The incident giving rise to these charges occurred on August 13, 2004, when defendant was a passenger in an automobile with out-of-state license plates operated by David Ramos.*fn2 While Ramos was driving north on Route 15 in Sparta Township at approximately 1:00 in the afternoon, Sparta Police Officer Keith Hannam was driving southbound. Hannam made a U-turn through the median to head north. As Hannam headed north in the left lane, traffic in front of him moved to the right lane. When Hannam approached the Ramos vehicle, it also moved to the right but failed to signal. Hannam pulled the vehicle over and indicated that in addition to Ramos's failure to signal, his license plate could not be read because it had a dirty plastic cover.
When Hannam first approached the car, he noticed a "heavy odor of alcoholic beverage coming out of the vehicle." Hannam asked for Ramos's credentials and Ramos appeared nervous, his hands were shaking and he initially produced only his driver's license. Ramos then picked up a map and asked the officer for directions to Route 206. After Ramos produced his registration and insurance card, Hannam asked him to get out of the car to look at the dirty license plate. As Ramos was getting out of the car, Hannam noticed a Corona beer bottle cap on the driver's seat. Meanwhile, defendant remained in the front passenger seat.

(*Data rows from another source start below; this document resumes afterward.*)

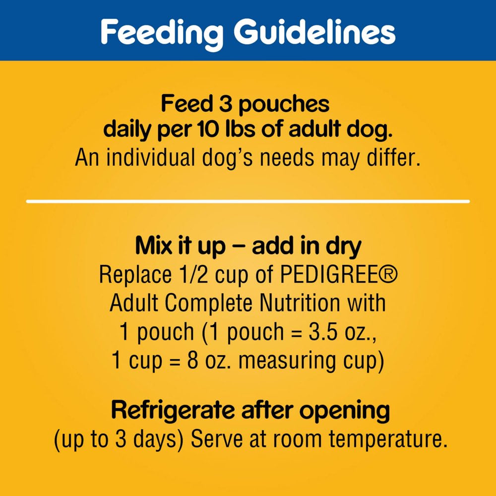 Pedigree Choice Cuts Gravy Wet Dog Food Variety Pack, Every dog deserves to eat well. That's why there's PEDIGREE Choice Cuts Variety Pack Featuring Grilled Chicken Flavor in Sauce, Beef, Noodles, and Vegetables in Sauce, and Chicken Casserole in Gravy Wet Dog Food. Made with real meat soaked in delicious gravy, your canine companion will enjoy these PEDIGREE Recipes as a treat, topper, or complete meal; serve alone or mix into their kibble for added flavor. PEDIGREE Wet Dog Food is also made with optimal levels of oil and minerals to promote healthy skin and a shiny coat. So whether you're looking for a meaty recipe your dog will love, or a fast, easy, and convenient way to serve their favorite meal, PEDIGREE Dog Food Pouches will make their tail wag every time.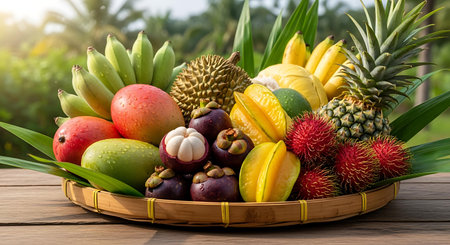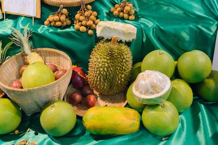 Fresh tropical fruits lay out on green background. Exotic fruits on asian market.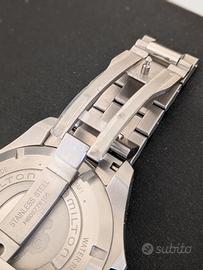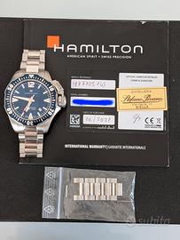 Vendo Hamilton Khaki Navy Frogman full set. L'orologio è pari al nuovo, solo messo a misura e provato saltuariamente al polso. Parzialmente pellicolato (si vedano le foto dell'annuncio), con card, documenti, scatola, controscatola. No scambi.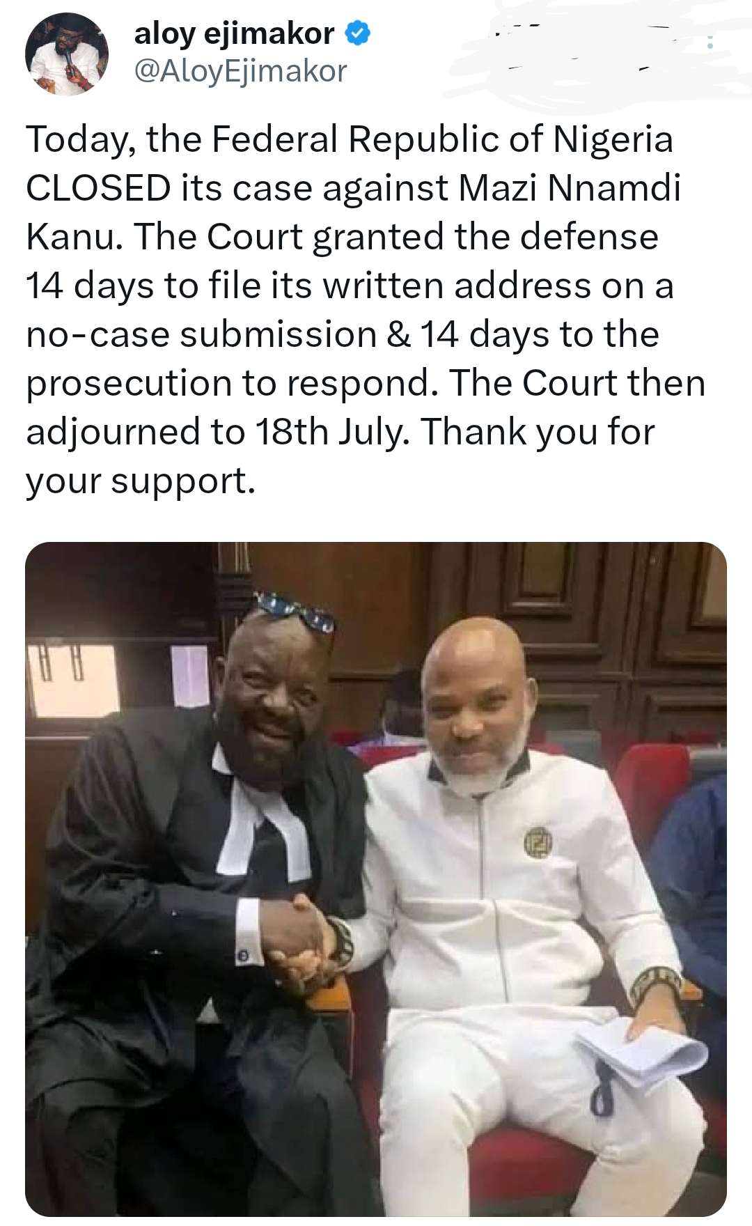 “Today, the Federal Republic of Nigeria CLOSED its case against Mazi Nnamdi Kanu… Thank you for your support,” Ejimakor posted.
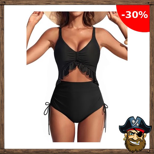 Hanna Nikole Pirate-Deal#s Damen Bauchweg Raffung Schwarz Badeanzug, V Ausschnit…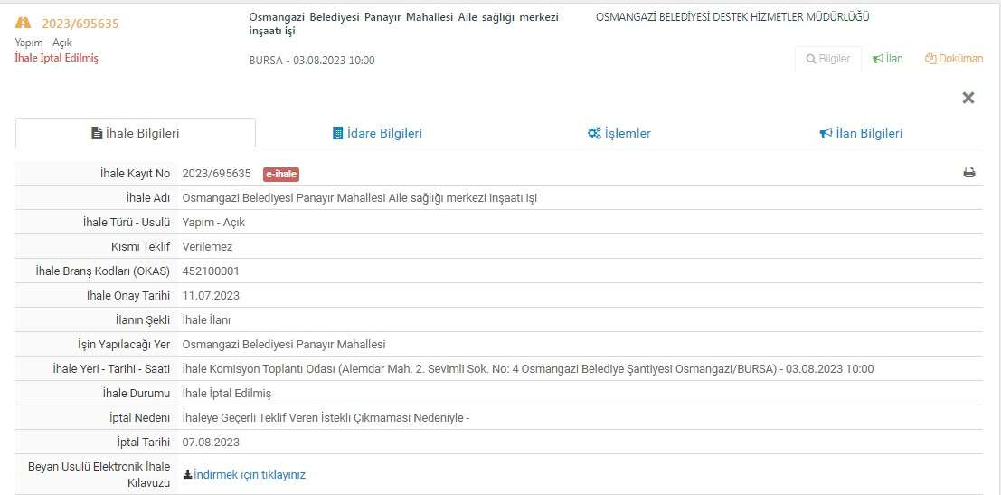 Osmangazi Belediyesi, Panayır Mahallesi Aile Sağlığı Merkezi inşaatı işi yapım işinin 4734 sayılı Kamu İhale Kanununun 19'uncu maddesine göre açık ihale usulü ile ihale edileceğini duyurmuştu.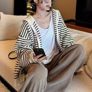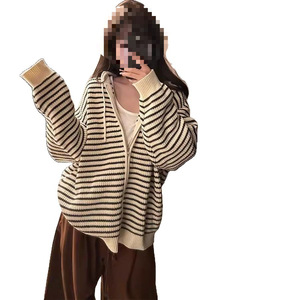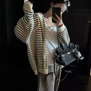秋冬宽松百搭软糯韩系抽绳条纹连帽慵懒风拉链毛衣外套女针织上衣

After he showed Ramos the license plate, Hannam went back to the car to speak with defendant. He retrieved the Corona bottle cap from the driver's seat and then asked defendant about the cap and whether there were any alcoholic beverages in the vehicle. Defendant was "very cooperative;" he bent over, picked up a brown paper bag, pulled out two empty Coors Light beer cans and showed them to the officer. There were no Corona bottles matching the cap in the bag or on the front seat.
After showing the beer cans to the officer, defendant leaned over toward his backpack, which was between his legs, and the officer told him to hand it over. Before defendant could hand it to him, Hannam "grabbed" the backpack and took it to the rear of the vehicle while defendant remained in the passenger seat. Hannam unzipped the backpack and found what was ultimately determined to be sixty-eight grams of cocaine. Hannam asked defendant if the backpack was his and, when defendant answered "yes," he was placed under arrest. The vehicle was then searched and additional CDS and drug paraphernalia were found.

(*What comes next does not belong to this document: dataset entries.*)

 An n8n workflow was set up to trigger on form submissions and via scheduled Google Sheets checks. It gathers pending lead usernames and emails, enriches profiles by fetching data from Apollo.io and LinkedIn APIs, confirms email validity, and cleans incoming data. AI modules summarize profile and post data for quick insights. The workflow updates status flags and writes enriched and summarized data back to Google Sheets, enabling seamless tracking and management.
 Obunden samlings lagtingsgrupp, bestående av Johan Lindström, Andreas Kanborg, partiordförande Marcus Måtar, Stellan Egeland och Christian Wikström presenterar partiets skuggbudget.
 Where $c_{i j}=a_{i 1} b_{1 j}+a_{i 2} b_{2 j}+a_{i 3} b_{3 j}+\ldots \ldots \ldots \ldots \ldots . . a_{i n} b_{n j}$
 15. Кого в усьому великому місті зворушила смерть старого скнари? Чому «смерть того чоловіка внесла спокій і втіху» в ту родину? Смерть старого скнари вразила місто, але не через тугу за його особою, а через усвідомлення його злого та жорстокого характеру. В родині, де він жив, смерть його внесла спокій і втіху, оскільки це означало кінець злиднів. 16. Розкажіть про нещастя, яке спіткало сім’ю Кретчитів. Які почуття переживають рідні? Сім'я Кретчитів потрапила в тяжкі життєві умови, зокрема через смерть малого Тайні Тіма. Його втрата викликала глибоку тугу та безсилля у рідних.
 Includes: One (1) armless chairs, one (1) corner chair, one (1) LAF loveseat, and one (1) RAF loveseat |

The trial court found that the stop was legitimate, based upon Hannam's testimony that the driver failed to signal. The court further found that the bottle cap, together with the "strong odor of alcohol coming[,] not particularly from the operator or person, but from the vehicle," was sufficient to inquire about open containers:
What happened here is that we had the odor of alcohol, the nervousness, I don't put too much weight into that because people are nervous in those kinds of situation[s] . . . . So, nervousness is an element but not necessarily [a] decisive one in our scenario.
But what I think is sensitive here, in [the] Fourth Amendment sense, is the next sequence of events . . . and that is the observation of a bottle cap in the course of this interaction with asking the driver to get out of the vehicle. This is the predicate to the ultimate search that I think is challenged and certainly the point of sensitivity, in my view, on the Fourth Amendment analysis.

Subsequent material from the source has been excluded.